A practical demonstration with the R package od

Robin Lovelace and Edward Leigh

Introduction: what is OD data?

As the name suggests, origin-destination (OD) data represents movement through geographic space, from an origin (O) to a destination (D). Sometimes also called ‘flow data’, OD datasets contain details of trips between two geographic points or, more commonly, zones (which are often represented by a zone centroid). Most OD datasets refer to start and end locations with ‘ID’ columns containing character strings such as zone1. These IDs refer to a geographic feature in a separate geographic dataset. Origin and destination locations are sometimes represented as geographic coordinates.

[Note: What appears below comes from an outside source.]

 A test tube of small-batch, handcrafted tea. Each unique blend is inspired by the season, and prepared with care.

OD datasets typically contain multiple non geographic attributes. These usually include, at a minimum, the number of trips that take place from the origin to the destination over a given time period (e.g. a typical work day). Additional attributes can include breakdown by the mode(s) of transport used for the trips. Usually only a single mode is captured (trips made by a combination of cycle-train-walk modes are often counted only as ‘train’ trips). Additional disaggregations of overall counts may include trip counts at different time periods.

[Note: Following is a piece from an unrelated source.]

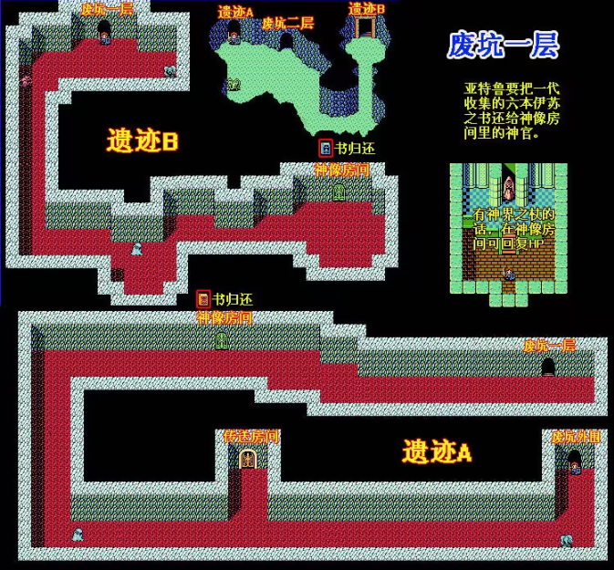 这片区域分为三层,每一层都留存着古代遗迹。遗迹中设有供奉神像的房间,六位神官的灵魂在此栖息。与这些灵魂进行交流,并将初代冒险中获得的六卷伊苏典籍归还给他们后,他们会为亚特鲁恢复生命值。

Many OD datasets omit information. If there is only one time period, then this resides in the metadata for the whole data set. There is rarely any information about the path taken between the start and end points. It is typically the job of the analyst to use a routing service (such as OSRM, Google Directions API, CycleStreets.net or OpenRouteService) or an assignment model to identify likely routes with reference to shortest path algorithms or generalised cost minimisation algorithms (which account for monetary plus time and quality ‘costs’).

The importance of OD data

Despite the rather dull name, OD datasets are a vital part of the modern world: they underpin analysis and models that influence current and future transport systems. Historically, these models, and the OD datasets that drove them, were used to plan for car-dominated cities (Boyce and Williams 2015). Now that there is growing evidence of the negative impacts car domination, however, there is a strong argument for transport models being repurposed. Origin-destination data can be part of the solution.

From a health perspective transport planning, supported by OD data and analysed primarily using proprietary software and opaque methods, has failed: roads are now the largest cause of death of young people worldwide, killing more than 1 million people each year (World Health Organization 2018). Even ignoring problems such as air pollution, obesity and climate change, it is clear that current transport systems are unsustainable. There are other reasons why transport data analysis and software are important (Lovelace and Ellison 2018).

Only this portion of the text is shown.